Ах, как пела я… как любила тебя привораживать,

отнимать у всех – самому себе возвращать!


А когда ты пел – на скамейке, с дружками-подростками,

разложив сигареты, забыв про нехитрую снедь,

как любила я золотистой декой отблёскивать,

отзываться тебе – и восторженно леденеть…


А потом пошло – с переборами-перекатами,

До утра… с бесшабашной и звонкой ночной гульбой.

Про чужую войну. А потом – про любовь проклятую,

обреченным и резким боем – как будто в бой.


А потом – невеста, красивая, большеглазая…

Очи – песенные… свет бескрайний, синь-бирюза.

А она сказала: с концертами, мол, завязывай

(будто с пьянством). Любил, поэтому – завязал.


Годы-годы – как будто пылью седой припорошены,

деньги, дети… скандалы, влёт – из-за ерунды.

Что-то тихо вздрагивало, всхлипывало над порожками —

про мои лады – про твои семейные нелады.


А потом – бросал виноватые взгляды: прости, мол, некогда,

и уныло маялся, в год ни строчки не сотворив.

Я старела… всеми древесными фибрами, всеми деками,

ощущала, как странно мертвеет мой гордый гриф


и струна – размотанный кончик – упрямо колется…

Ну, давай напоследок, давай: «а в глазах твоих неба синь»,

И – цыганскую-хулиганскую, на два голоса!

Нашу юность – легко проводим, отголосим…


Юлька

Добрались на такси, ошалев от ритмичного грохота,

и от шуточек тамады, и от винного изобилья.

После Юлькиной свадьбы в квартире темно и плохо так:

мама с папой, а где ж вы дочку свою забыли?


Вещи вывезли. Что-то продали. Но не больно —

так, скорее, ноет, кровит незажившей ссадиной.

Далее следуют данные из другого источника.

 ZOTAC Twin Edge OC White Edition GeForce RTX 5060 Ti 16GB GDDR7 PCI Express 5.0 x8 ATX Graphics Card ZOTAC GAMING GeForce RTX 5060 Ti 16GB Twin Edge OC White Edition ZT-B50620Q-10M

Я курю на балконе. Жена достаёт альбомы:

Юлька взрослая, Юлька школьница, Юлька в садике…


Юлька в маму. Задорную, прежнюю, милую,

не теперешнюю: скандальную, невозможную.

Но сегодня – баста. Короткое перемирие.

Целовались на свадьбе родители, как положено.

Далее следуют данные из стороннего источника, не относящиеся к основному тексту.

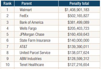 Due to Walmart, retailing is the industry with the highest aggregate penalties ($2.7 billion) imposed on large companies. It is followed by financial services ($1.4 billion), freight and logistics ($828 million), business services ($611 million), insurance ($557 million), miscellaneous services ($486 million), healthcare services ($417 million), restaurants and foodservice ($397 million), information technology ($335 million), and food and beverage products ($315 million).
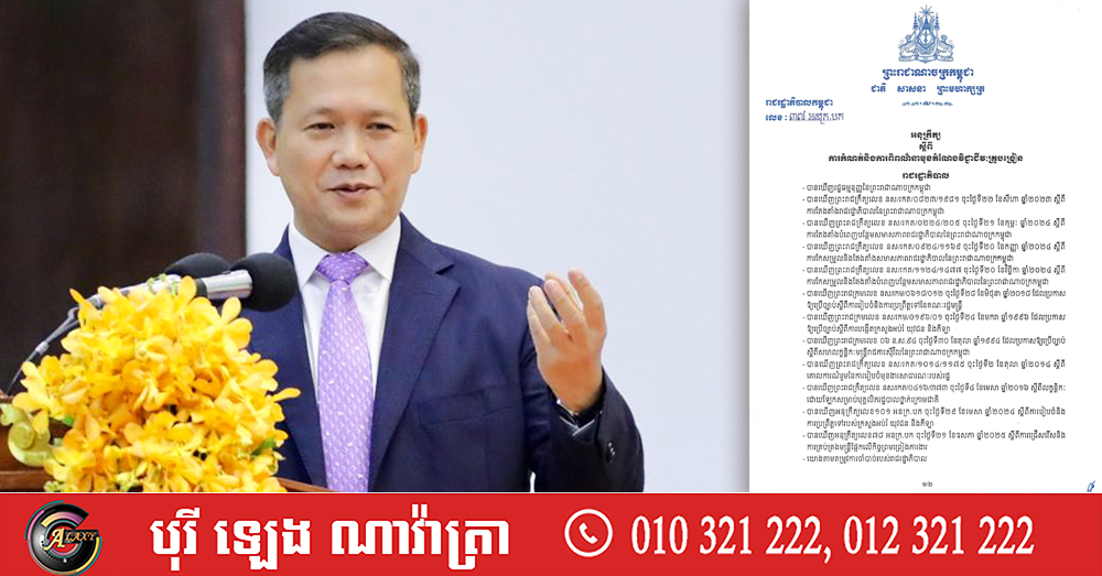 ខាងក្រោមនេះជាអនុក្រឹត្យរបស់សម្តេចនាយករដ្ឋមន្ត្រី៖

Юлька, девочка, славный ты мой комочек!

Лишь бы в склоках вам не увязнуть, не омещаниться…

Мы и любим-то Юльку – поодиночке. Молча.

И любови наши как-то не совмещаются.


Выхожу на кухню. Тупо шуршу газетами.

Людка машет рукой: ну просила же не мешать!

Тихо плачет. На свадьбе дочери – не без этого,

но не тянет садиться рядом и утешать.


Ладно, Юлька. Желаю тебе… не рожна какого-то….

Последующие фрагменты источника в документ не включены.